I would, finally, like to raise briefly one point of general criticism. This concerns the absence of sustained discussion of what, in a footnote to her essay, Allen describes as "the difficult and shifting distinction between unreason and madness in History of Madness" (121n.). Marking this distinction between madness, which becomes pathologized as the object of the psychiatric knowledge we call 'mental illness,' and unreason, a tragic limit-experience whose expression in art and literature contests the dominant social order, would add nuance to the presentation of the Foucault-Derrida debate in various ways. For example, it complicates what may be too easily taken as a 'neat' (Macherey) binary opposition between reason and madness in Foucault, and it considerably alters how we view the performative contradiction argument and the problem of enunciation (since the range of expressive possibilities open to Foucault is not limited to the choice between the appropriative voice of reason or the sterile silence of madness).

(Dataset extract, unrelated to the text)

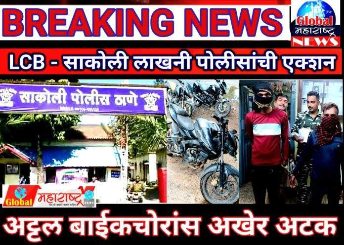 धम्मराज मेश्राम २४ रा. सेलोटी व चेतन मेश्राम २३ रा. मानेगाव सडक ता. लाखनी असे अटक केलेल्या आरोपींची नावे आहेत. स्थानिक गुन्हे शाखेचे पोलीस निरीक्षक नितीन चिंचोळकर, पो. हवा. प्रदीप डहारे, नितीन महाजन, किशोर मेश्राम, नंदकिशोर मारबते, विजय तायडे, रमेश बेदुरकर, मंगेश माळोदे, सचिन देशमुख, जगदीश श्रावणकर हे दि. १ मे रोजी पोलीस स्टेशन साकोली हद्दीत चोरीला गेलेल्या मोटारसायकलचा छडा लावण्यासाठी गस्त करीत असतांना मिळालेल्या गोपनीय माहितीद्वारे एका विनाक्रमांकाच्या मोटारसायकलने लाखनी परिसरात फिरत असल्याची माहिती मिळाली. पोलीस पथकाने आरोपी धम्मराज मेश्राम व चेतन मेश्राम यांना विनाक्रमांकाच्या मोटारसायकलसह ताब्यात घेतले. दोघांची विचारपूस केली असता साकोली पोलीस स्टेशन हद्दीत सहा व कारधा पोलीस स्टेशन हद्दीत एक मोटारसायकल चोरी केल्याचे कबुली दिली. साकोली व लाखनी पोलीसांनी त्यांच्या ताब्यातून चोरीला गेलेली मोटारसायकल क्र. एमएच ४९ बीए ५८४३, व क्र. एमएच ४९ एडब्ल्यू ६४९४ तसेच गंजलेले लोखंडी साहित्य असा जवळपास ९८ हजार ८०० रुपयांचा माल जप्त केला. स्थानिक गुन्हे शाखेच्या पथकाने दोन्ही आरोपींना पुढील कारवाईकरीता साकोली पोलीसांच्या ताब्यात दिले आहे.साकोली पोलीस स्टेशनचे पोलीस निरीक्षक राजेश थोरात हे दोन्ही आरोपींची कसून चौकशी करीत असून साकोलीत मागे झालेल्या घरफोड्यातही सदर आरोपींचा समावेश असल्याचे पोलिसांनी सांगितले. साकोली शहरातून संततधार पावसामुळे फायदा घेतला दोन दूचाकी चोरी गेल्यापासून साकोली पोलीस निरीक्षक राजेश थोरात व लाखनी पोलीस निरीक्षक मिलिंद तायडे यांची विशेष चमु दूचाकी चोरट्यांच्या मागावर होती आणि ३६ तासांतच स्थानिक गुन्हे शाखा पथकाच्या सहाय्याने साकोली व लाखनी पोलीसांनी एक्शन कारवाई करीत अट्टल बाईकचोरांस गजाआड करण्यात अखेर यश मिळविले आहे हे विशेष.

This lacuna notwithstanding, however, this volume succeeds in illuminating the debate's extended archive, clarifying and developing its core philosophical problems, and renewing its critical philosophic force by indicating, as the book's subtitle would have it, the futures of genealogy, deconstruction, and politics.

ACKNOWLEDGEMENTS

In the interest of full disclosure, I should mention that I also have a co-edited collection on Foucault and Derrida, with a partial overlap of contributors with the volume under review.


[1] Foucault, History of Madness, translated by Jonathan Murphy and Jean Khalfa (Routledge, 2006), xxxiii.

[2] Ibid., xxxv.

[3] Foucault, History of Madness, xxxi.

[4] Ibid., xxxiii.

[5] See, for example, Foucault, "Foucault," translated by Robert Hurley, in Aesthetics, Method, and Epistemology: Essential Works of Foucault, Volume 2 (The New Press, 1998), 459ff.

[6] Foucault, The Archaeology of Knowledge, translated by A.M. Sheridan Smith (Pantheon, 1972), 127.

[7] Foucault, "Preface to The History of Sexuality, Volume Two," translated by William Smock, in Ethics, Subjectivity, and Truth: Essential Works of Foucault, Volume 1 (The New Press, 1997), 201.

[8] Foucault, "Polemics, Politics, and Problematizations," translated by Lydia Davis, in Ethics, Subjectivity, and Truth, 117.